Thanks for the comments. ibpdew, it went in at 12%...shooting for 6% now. It's showing approx 8% on the air coming off of the stack BUT that's moving air and not stopped and stabilized...I'd guess at 10% now. I'm pulling approx a gallon a day. Fletches are harder to dry fast due to the stacking and lots of air space that effects the air flow, also when I changed my flow direction UP through for better heat distribution when debugging/sterilizing it also slowed my moisture removal...trade off. I'm not into speed drying anyway and I'm probably pushing my DH for volume in its use. I'm expecting a few weeks.

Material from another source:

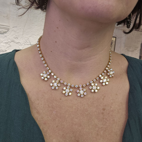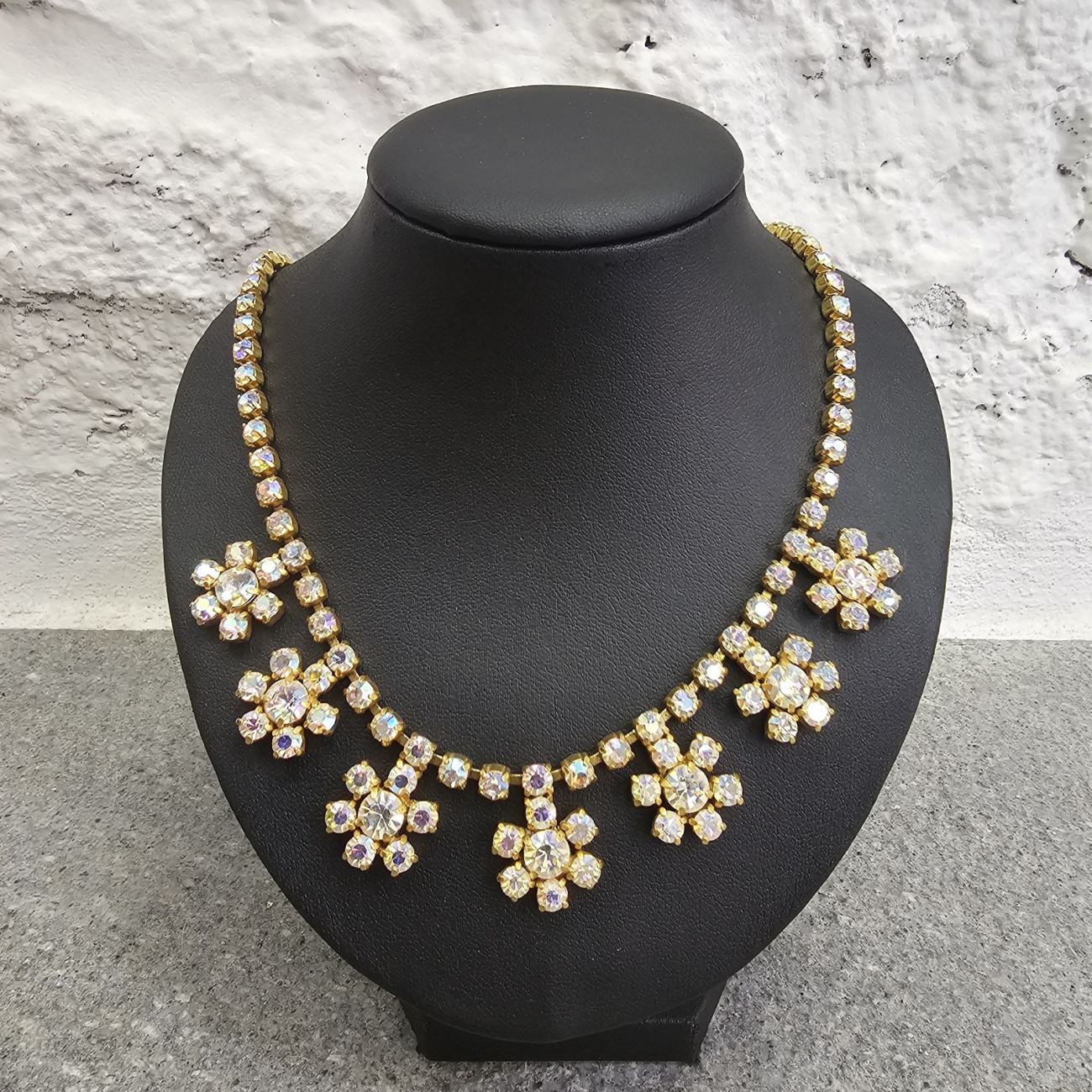 Splendida collana vintage inglese risalente agli anni ’30-40, realizzata in metallo dorato e decorata con una ricca fila di strass Aurora Borealis, la celebre finitura introdotta negli anni ’50 ma già utilizzata in forme sperimentali dalla fine degli anni ’30, nota per i suoi incredibili riflessi iridescenti.

Dom....for some strange reason Aard booked them up this morning??// LOL


----------



## Da Aardvark (Oct 11, 2012)

AAAaaaargh!

Your just out to make me wanna break the bank, aren't ya?
Walnut? Cherry? 
Both my faves?


AAAaaaaarrrrgggh!


(nice load up)


----------



## Post Oakie (Aug 20, 2013)

Love that feathered grain in the crotch wood! If not for you & your sawmill, it would probably be in someone's fireplace by now. Keep up the good work. Postings like that serve as a reminder of the beauty all around us that most people never even notice.


----------



## Tennessee Tim (Dec 15, 2010)

*Update!!!*

Well we got it dried down quickly after starting in Nov....but didnt have the room to move to controlled enviroment storage when completed so we left in kiln in the controlled enviroment. Now I have a client interested in a few for tops so I fired up the bug killing final stage late last night.....once to 130 degree (actually happened at 9 pm tonight) I'll hold there for 48 hrs to make sure the heat reaches all the way to center of slabs. we're standing @ 6% MC...I held it @ 8-9% MC during holding stage all these months.

Thanks for watching thread.

I'll update pics when unloading.....I had added some slabs while in hold.


----------



## Allen Tomaszek (Dec 11, 2010)

Nice pieces Tim! Glad to see you're getting to move some of those out!


----------



## Tennessee Tim (Dec 15, 2010)

Thanks Allen....looks like your hanging out late in this "coffee shop" too...LOL!!!


----------